Work order: The records below must be transcribed exactly, with each picture left out.
====================
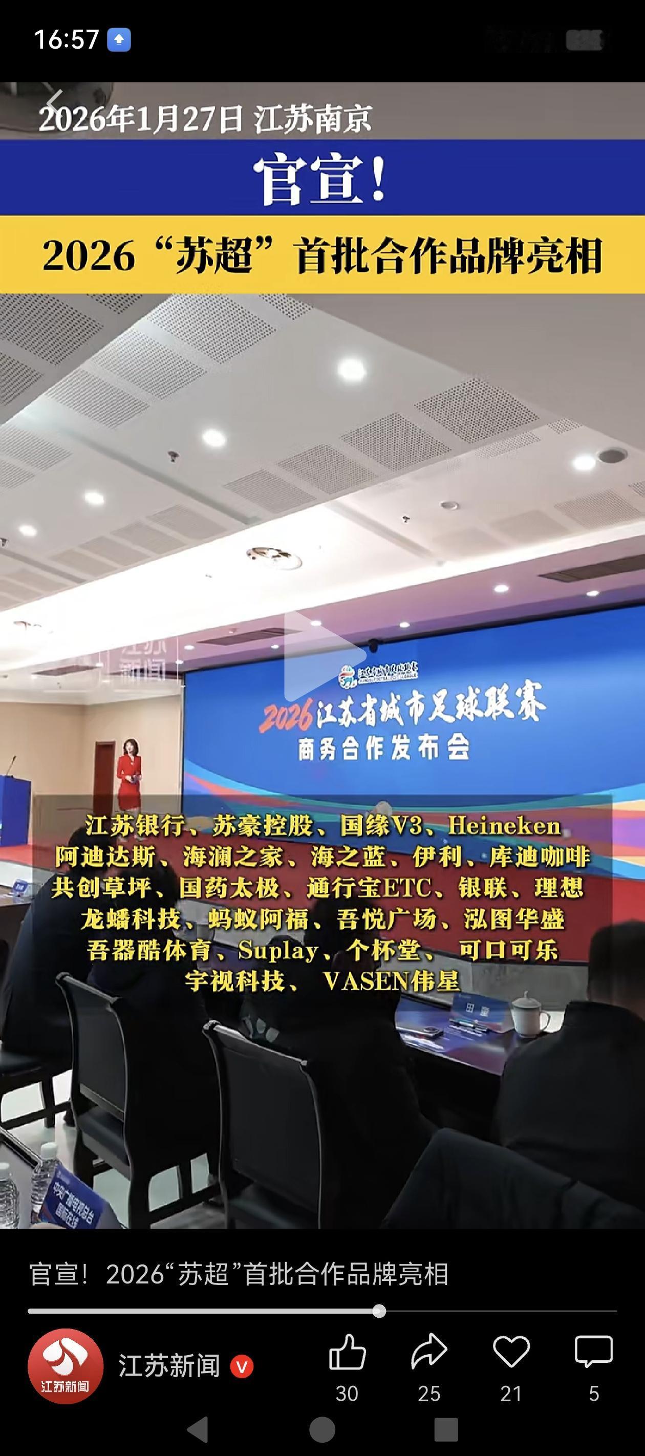昨天,江苏省体育局公布了2026年苏超首批24家合作品牌,这里不乏国际大品牌,覆
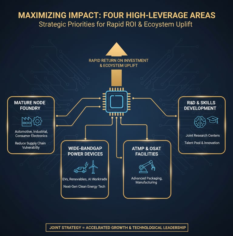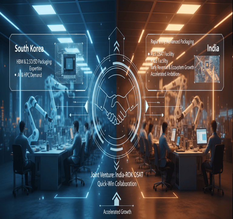 While full-scale fabs take years to build, India can capture high-value opportunities in the mid-stream of the supply chain through advanced packaging (OSAT). Demand is soaring globally, driven by AI and high-performance computing. South Korea is a leader in advanced packaging technologies like High-Bandwidth Memory (HBM) and 2.5D/3D integration. A near-term joint venture to establish a pilot OSAT line in India represents the fastest path to revenue and ecosystem development.
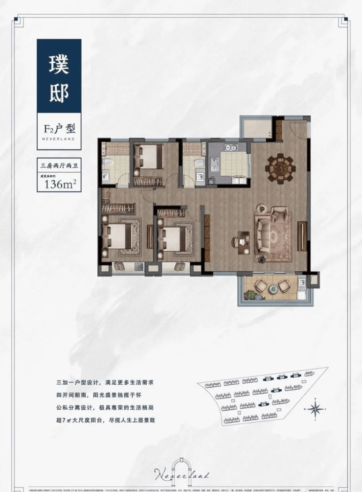 3+1的户型设计,可以满足更多家庭的居住需求,超7㎡的阳台,尽享社区绿色风景~
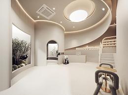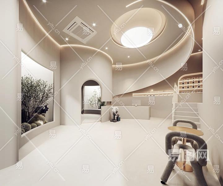 侘寂美容美甲 前台接待 美容院大堂 卡座 异形吊顶
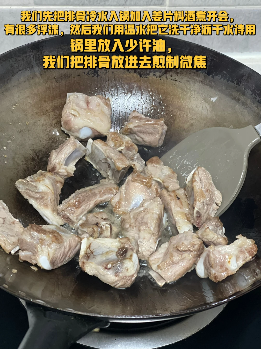 2.锅里放入少许油,我们把排骨放进去煎至微焦
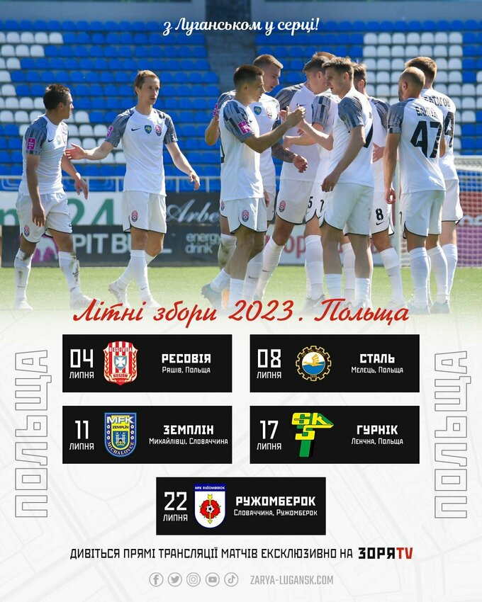 Розклад контрольних матчів «Зорі» на зборах в Польщі
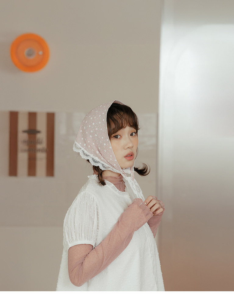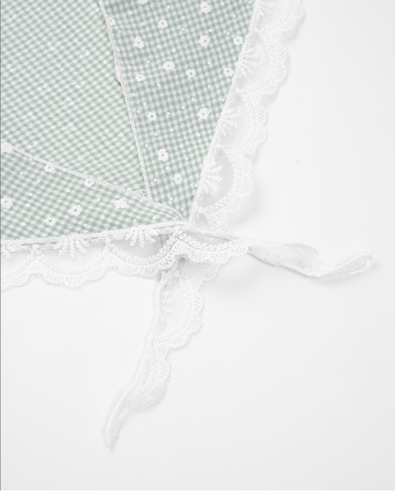 小花蕾絲格紋造型三角巾
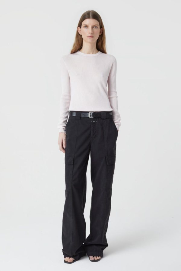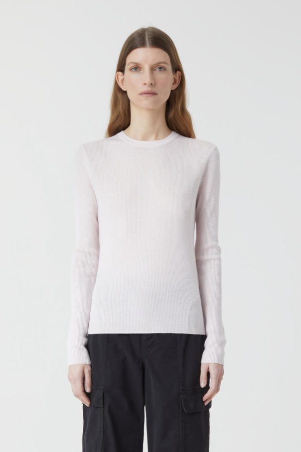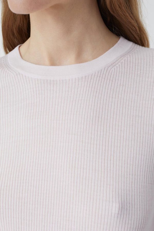 Geripptes Longsleeve im Slim Fit aus weicher Bio-Wolle mit Kontrast-Details auf der Rückseite. Leicht transparenter Feinstrick mit Rundhalsausschnitt und geradem Saumabschluss.
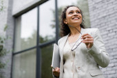 Bizneswoman w średnim wieku w płaszczu rozmawia przez telefon komórkowy i trzyma dokumenty podczas spaceru ulicą miejską
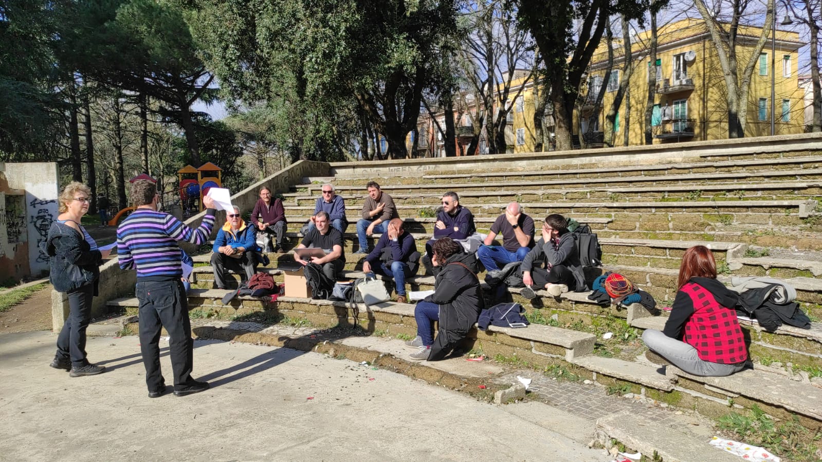 La riunione si e’ tenuta a Genzano, in quello che viene chiamato “teatro” all’aperto. Forse lo e’ stato in passato, ma ora versa in pessime condizioni. Almeno il tempo e’ stato clemente e tutta la riunione e’ stata accompagnata da un bel sole.
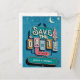 Retro Futuristic Enregistrer La Date Carte postale Mariage. Envoyez ce panneau d'affichage vintage et amusant en bleu turquoise et rose avec une fusée, des étoiles et des chats noirs à votre famille et à vos amis pour annoncer vos nouveautés. Le dos de la carte postale offre beaucoup d'espace pour un message supplémentaire. Conception rétro créée à l'aide de kittl.com.
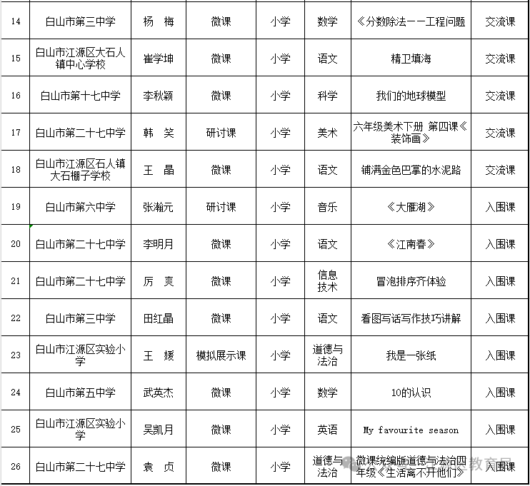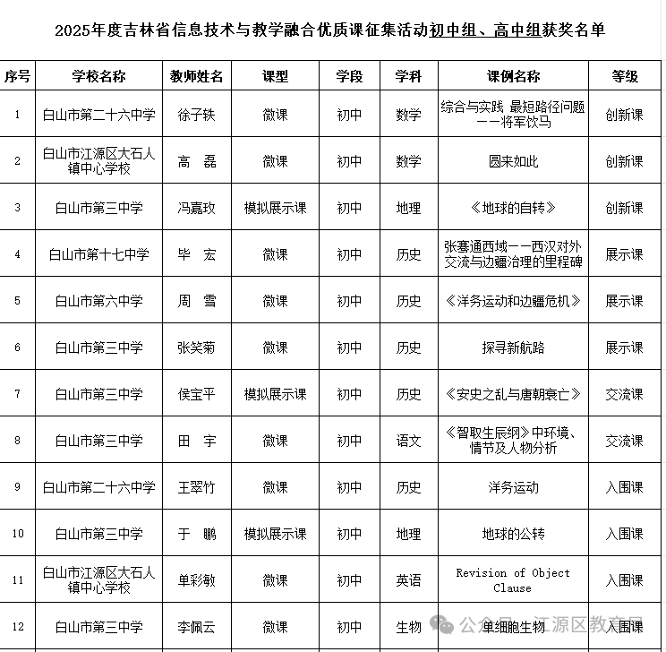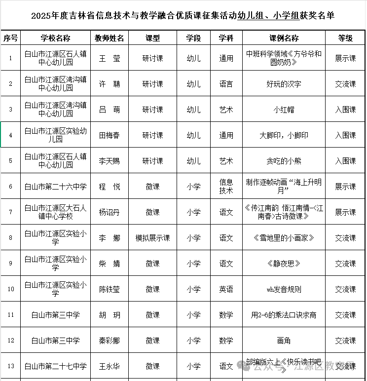 活动中,白山市江源区教育局被评为“组织管理创新实践单位”;共有47名教师在“创新课”、“展示课”、“交流课”、“入围课”评选中获得了省级荣誉。
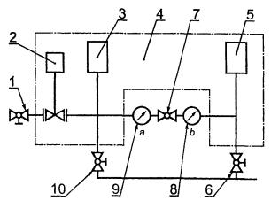 1, 6, 7, 10 - краны; 2 - испытуемый образец; 3, 5 - воздушный резервуар объемом 1 дм3; 4 - отсек постоянной температуры; 8, 9 - манометры
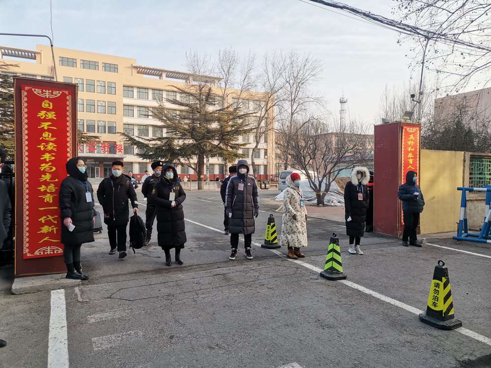 这一天早上,春寒料峭,学校领导及部分教师志愿者在校门口早早就位,迎接学子的到来。严格按照入学流程,为每一名学生测温、消毒。
====================
Result for this exercise:
昨天,江苏省体育局公布了2026年苏超首批24家合作品牌,这里不乏国际大品牌,覆
 While full-scale fabs take years to build, India can capture high-value opportunities in the mid-stream of the supply chain through advanced packaging (OSAT). Demand is soaring globally, driven by AI and high-performance computing. South Korea is a leader in advanced packaging technologies like High-Bandwidth Memory (HBM) and 2.5D/3D integration. A near-term joint venture to establish a pilot OSAT line in India represents the fastest path to revenue and ecosystem development.
 3+1的户型设计,可以满足更多家庭的居住需求,超7㎡的阳台,尽享社区绿色风景~
 侘寂美容美甲 前台接待 美容院大堂 卡座 异形吊顶
 2.锅里放入少许油,我们把排骨放进去煎至微焦
 Розклад контрольних матчів «Зорі» на зборах в Польщі
 小花蕾絲格紋造型三角巾
 Geripptes Longsleeve im Slim Fit aus weicher Bio-Wolle mit Kontrast-Details auf der Rückseite. Leicht transparenter Feinstrick mit Rundhalsausschnitt und geradem Saumabschluss.
 Bizneswoman w średnim wieku w płaszczu rozmawia przez telefon komórkowy i trzyma dokumenty podczas spaceru ulicą miejską
 La riunione si e’ tenuta a Genzano, in quello che viene chiamato “teatro” all’aperto. Forse lo e’ stato in passato, ma ora versa in pessime condizioni. Almeno il tempo e’ stato clemente e tutta la riunione e’ stata accompagnata da un bel sole.
 Retro Futuristic Enregistrer La Date Carte postale Mariage. Envoyez ce panneau d'affichage vintage et amusant en bleu turquoise et rose avec une fusée, des étoiles et des chats noirs à votre famille et à vos amis pour annoncer vos nouveautés. Le dos de la carte postale offre beaucoup d'espace pour un message supplémentaire. Conception rétro créée à l'aide de kittl.com.
 活动中,白山市江源区教育局被评为“组织管理创新实践单位”;共有47名教师在“创新课”、“展示课”、“交流课”、“入围课”评选中获得了省级荣誉。
 1, 6, 7, 10 - краны; 2 - испытуемый образец; 3, 5 - воздушный резервуар объемом 1 дм3; 4 - отсек постоянной температуры; 8, 9 - манометры
 这一天早上,春寒料峭,学校领导及部分教师志愿者在校门口早早就位,迎接学子的到来。严格按照入学流程,为每一名学生测温、消毒。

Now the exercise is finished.